[Start of section]
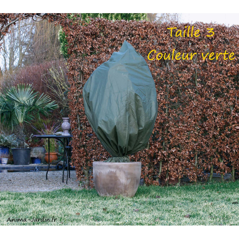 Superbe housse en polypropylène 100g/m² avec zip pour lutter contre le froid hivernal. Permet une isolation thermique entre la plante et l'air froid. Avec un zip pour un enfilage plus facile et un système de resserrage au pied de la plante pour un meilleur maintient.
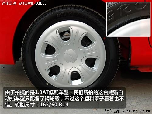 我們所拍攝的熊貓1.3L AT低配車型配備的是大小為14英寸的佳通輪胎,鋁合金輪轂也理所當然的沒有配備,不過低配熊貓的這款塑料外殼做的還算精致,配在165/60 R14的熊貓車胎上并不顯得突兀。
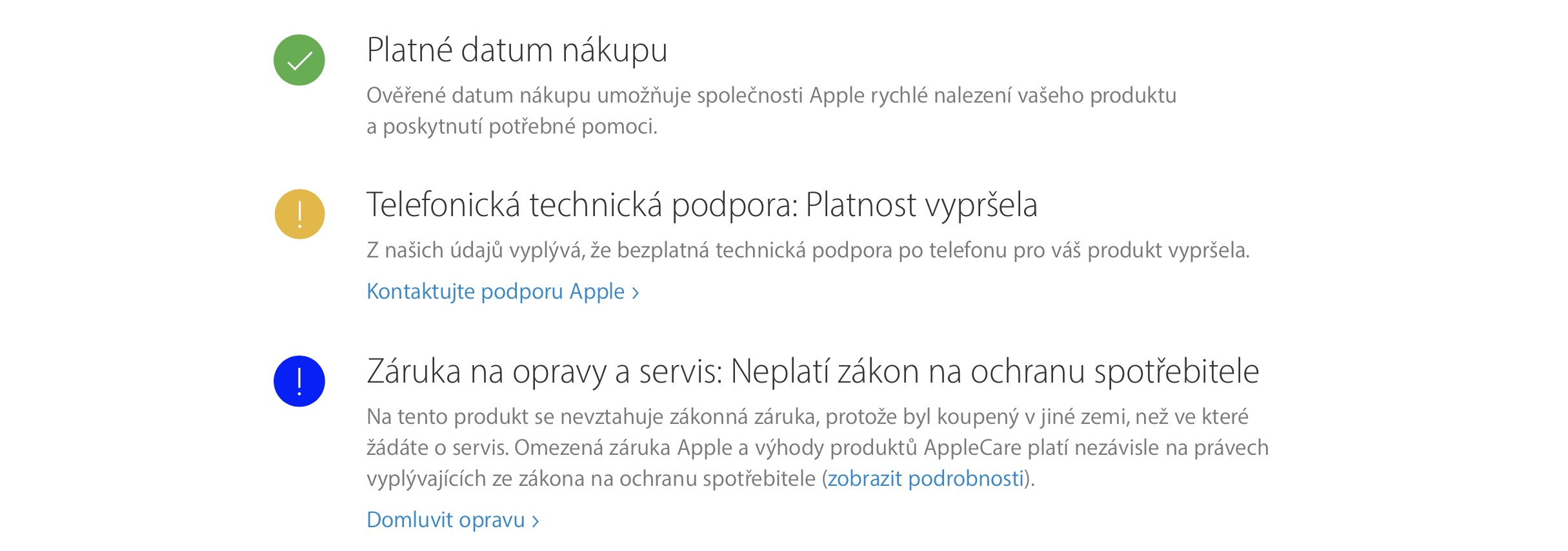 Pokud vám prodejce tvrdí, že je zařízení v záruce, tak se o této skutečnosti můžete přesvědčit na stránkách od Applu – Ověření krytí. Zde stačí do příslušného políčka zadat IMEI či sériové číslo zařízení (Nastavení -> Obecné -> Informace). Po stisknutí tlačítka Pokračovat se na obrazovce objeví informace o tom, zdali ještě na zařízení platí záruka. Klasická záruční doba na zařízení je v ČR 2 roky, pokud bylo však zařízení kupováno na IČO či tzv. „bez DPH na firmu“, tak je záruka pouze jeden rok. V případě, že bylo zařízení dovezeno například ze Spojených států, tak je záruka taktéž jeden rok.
[End of section]
[Start of section]
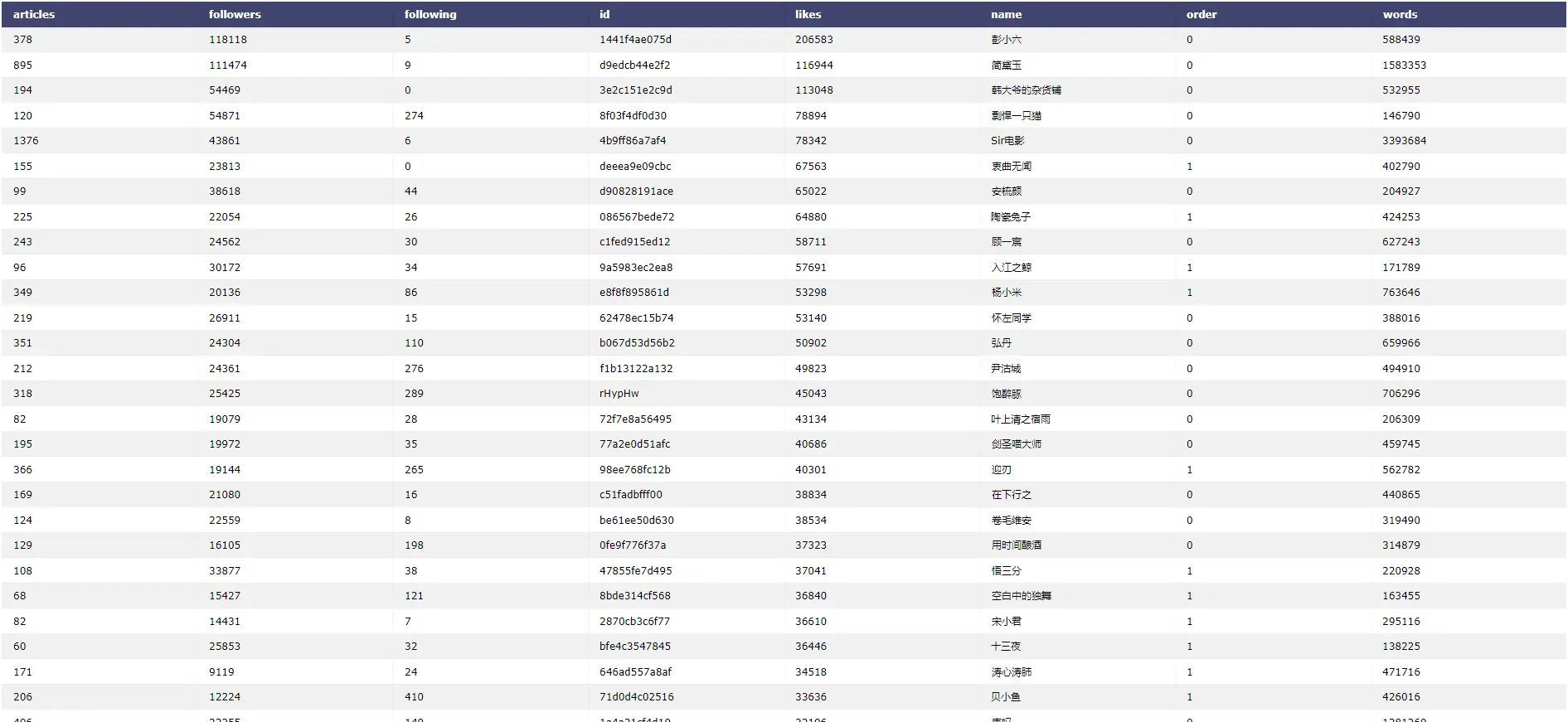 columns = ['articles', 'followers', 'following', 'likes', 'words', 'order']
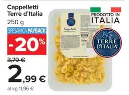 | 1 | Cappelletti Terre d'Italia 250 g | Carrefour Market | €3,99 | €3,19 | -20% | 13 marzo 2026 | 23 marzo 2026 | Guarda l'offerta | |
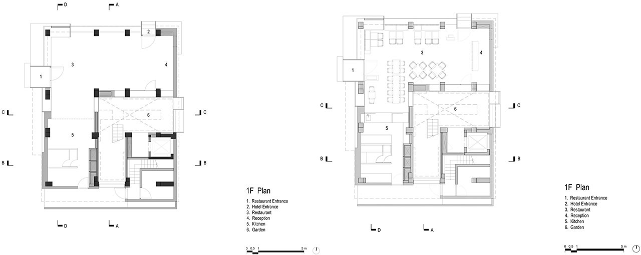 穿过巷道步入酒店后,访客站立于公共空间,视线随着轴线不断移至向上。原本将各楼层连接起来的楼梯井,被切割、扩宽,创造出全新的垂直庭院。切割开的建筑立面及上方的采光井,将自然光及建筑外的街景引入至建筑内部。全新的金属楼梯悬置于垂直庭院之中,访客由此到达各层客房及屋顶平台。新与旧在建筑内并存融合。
[End of section]
**WHAT THE TASK REQUIRES**
Within these entries, output exactly the lines starting at the one with "l'offerta | |" and finishing at the one with "穿过巷道步入酒店后,访客站立". Leave pictures out of the output.

**RESULT OF THE EXERCISE**
 | 1 | Cappelletti Terre d'Italia 250 g | Carrefour Market | €3,99 | €3,19 | -20% | 13 marzo 2026 | 23 marzo 2026 | Guarda l'offerta | |
 穿过巷道步入酒店后,访客站立于公共空间,视线随着轴线不断移至向上。原本将各楼层连接起来的楼梯井,被切割、扩宽,创造出全新的垂直庭院。切割开的建筑立面及上方的采光井,将自然光及建筑外的街景引入至建筑内部。全新的金属楼梯悬置于垂直庭院之中,访客由此到达各层客房及屋顶平台。新与旧在建筑内并存融合。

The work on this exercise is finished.